Items from a data source:
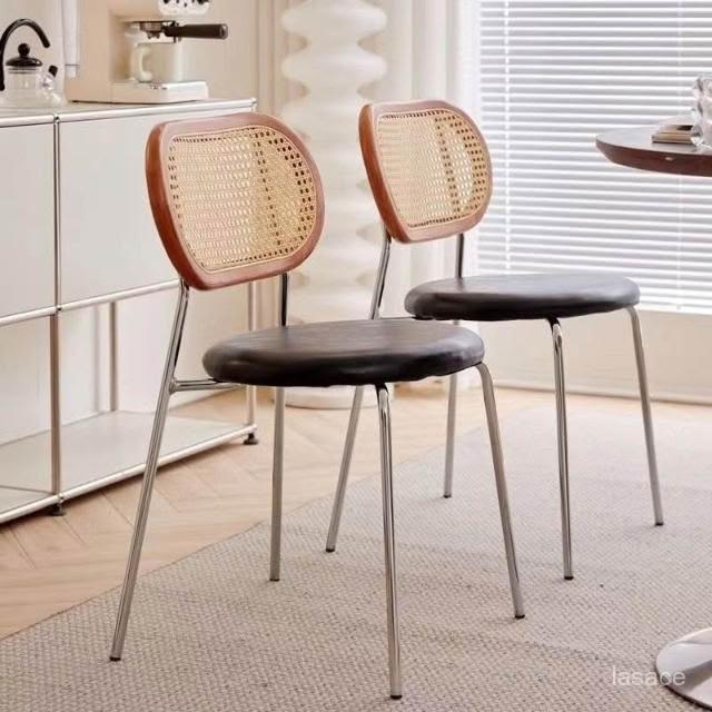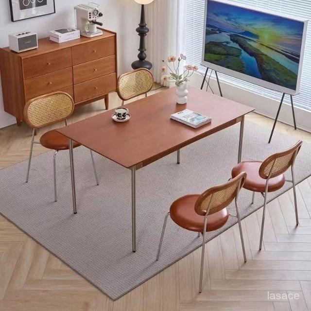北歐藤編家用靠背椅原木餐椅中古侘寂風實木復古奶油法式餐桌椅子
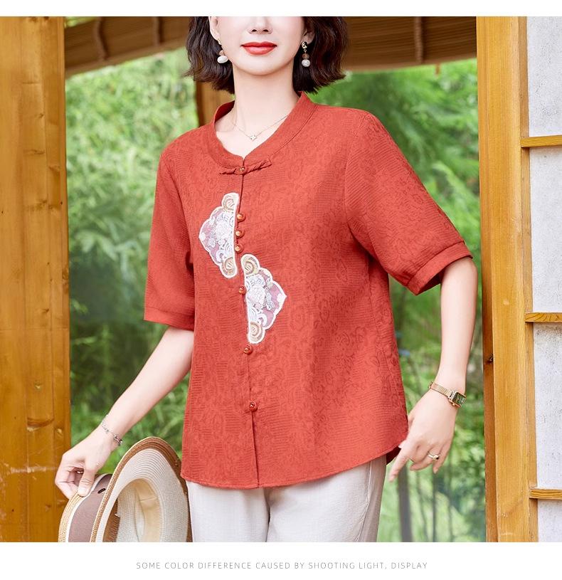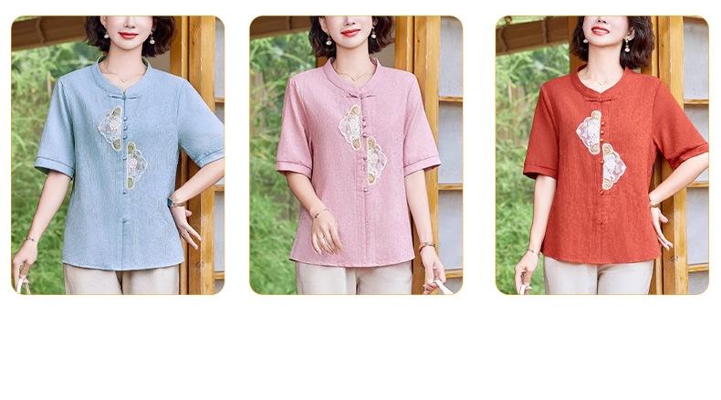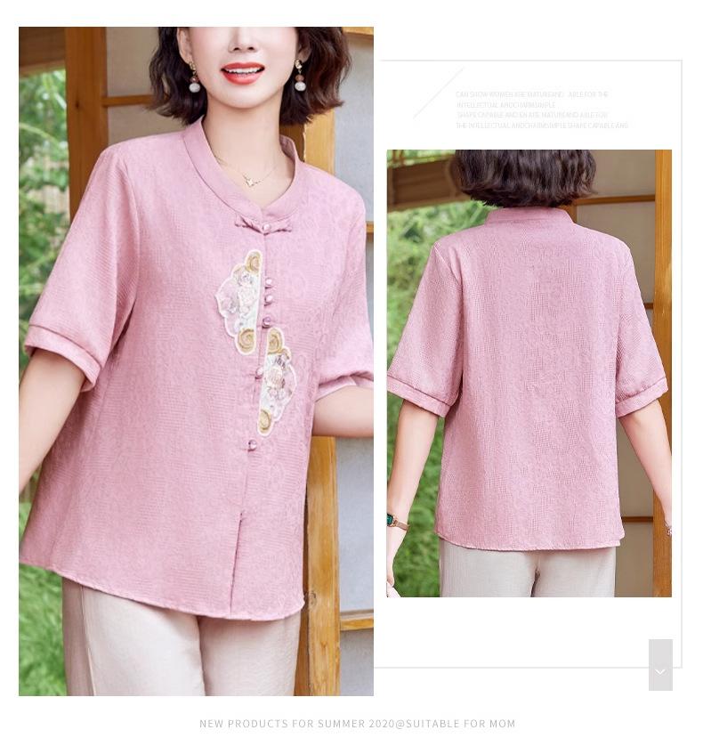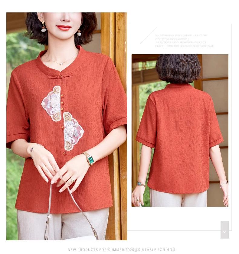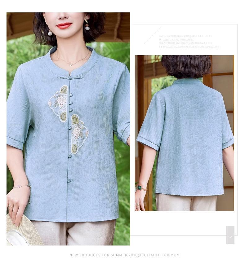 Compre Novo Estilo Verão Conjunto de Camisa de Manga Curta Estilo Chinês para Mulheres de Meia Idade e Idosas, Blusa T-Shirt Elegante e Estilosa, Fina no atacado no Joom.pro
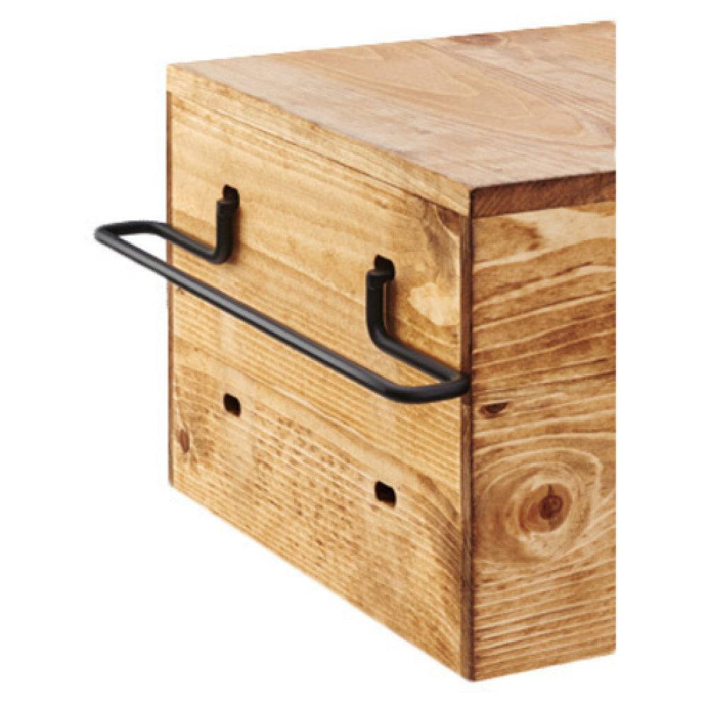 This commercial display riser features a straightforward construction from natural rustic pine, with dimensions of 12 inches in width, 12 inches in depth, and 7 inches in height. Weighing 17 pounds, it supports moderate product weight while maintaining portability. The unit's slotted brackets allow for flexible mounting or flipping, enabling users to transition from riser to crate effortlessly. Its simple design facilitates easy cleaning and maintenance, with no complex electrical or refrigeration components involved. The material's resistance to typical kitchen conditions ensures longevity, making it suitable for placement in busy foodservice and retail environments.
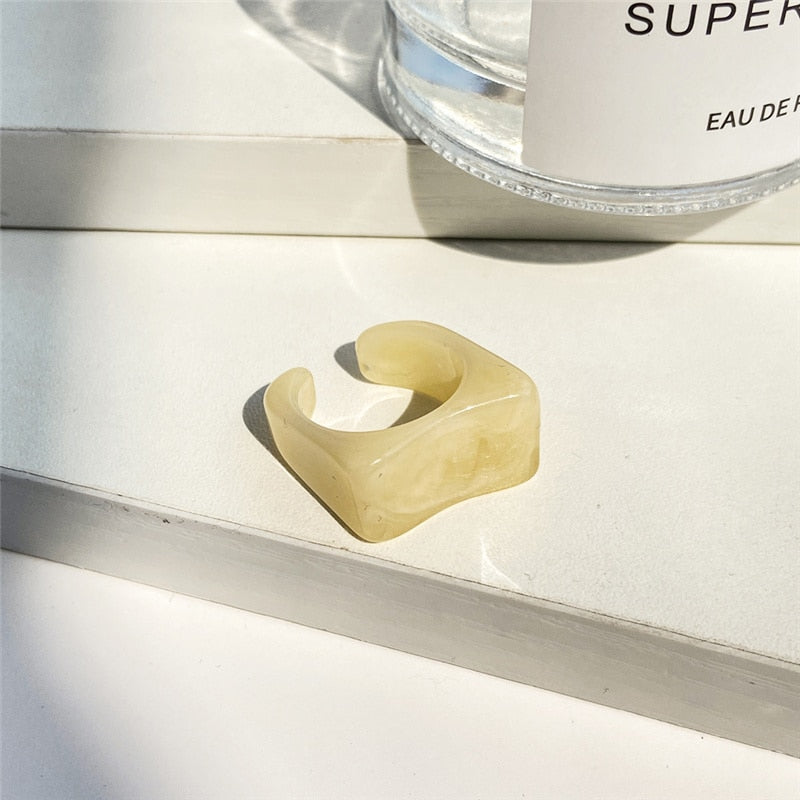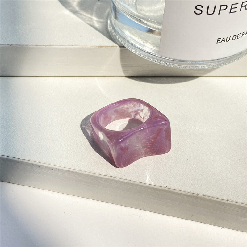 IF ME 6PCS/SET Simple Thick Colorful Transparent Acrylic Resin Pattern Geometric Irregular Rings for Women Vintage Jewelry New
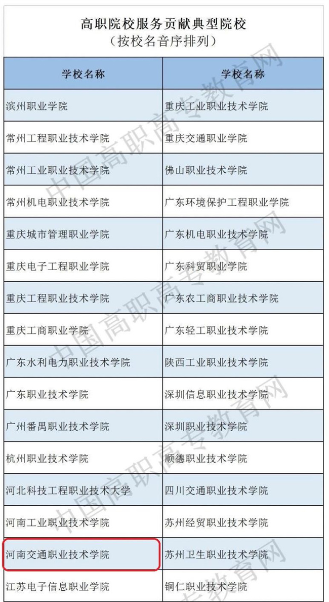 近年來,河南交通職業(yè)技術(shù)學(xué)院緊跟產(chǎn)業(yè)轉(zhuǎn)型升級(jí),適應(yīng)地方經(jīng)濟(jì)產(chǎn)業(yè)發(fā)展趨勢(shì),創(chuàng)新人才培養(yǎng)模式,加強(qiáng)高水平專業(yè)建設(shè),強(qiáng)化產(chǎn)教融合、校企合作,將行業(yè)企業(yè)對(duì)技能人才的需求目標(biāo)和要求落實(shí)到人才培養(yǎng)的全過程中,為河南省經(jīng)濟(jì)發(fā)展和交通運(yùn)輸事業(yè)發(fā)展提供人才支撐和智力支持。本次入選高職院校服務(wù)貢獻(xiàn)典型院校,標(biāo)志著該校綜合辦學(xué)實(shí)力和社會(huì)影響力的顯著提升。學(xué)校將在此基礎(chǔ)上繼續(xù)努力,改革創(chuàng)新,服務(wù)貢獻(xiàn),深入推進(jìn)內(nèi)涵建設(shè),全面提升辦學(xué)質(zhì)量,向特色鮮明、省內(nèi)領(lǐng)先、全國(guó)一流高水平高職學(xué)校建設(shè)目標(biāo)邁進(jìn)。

* Task requirements:
If a line comes after the line with "Compre Novo Estilo", it stays out; print exactly every line from the start of the entries up to and including that line, but no pictures.

* Answer space:
北歐藤編家用靠背椅原木餐椅中古侘寂風實木復古奶油法式餐桌椅子
 Compre Novo Estilo Verão Conjunto de Camisa de Manga Curta Estilo Chinês para Mulheres de Meia Idade e Idosas, Blusa T-Shirt Elegante e Estilosa, Fina no atacado no Joom.pro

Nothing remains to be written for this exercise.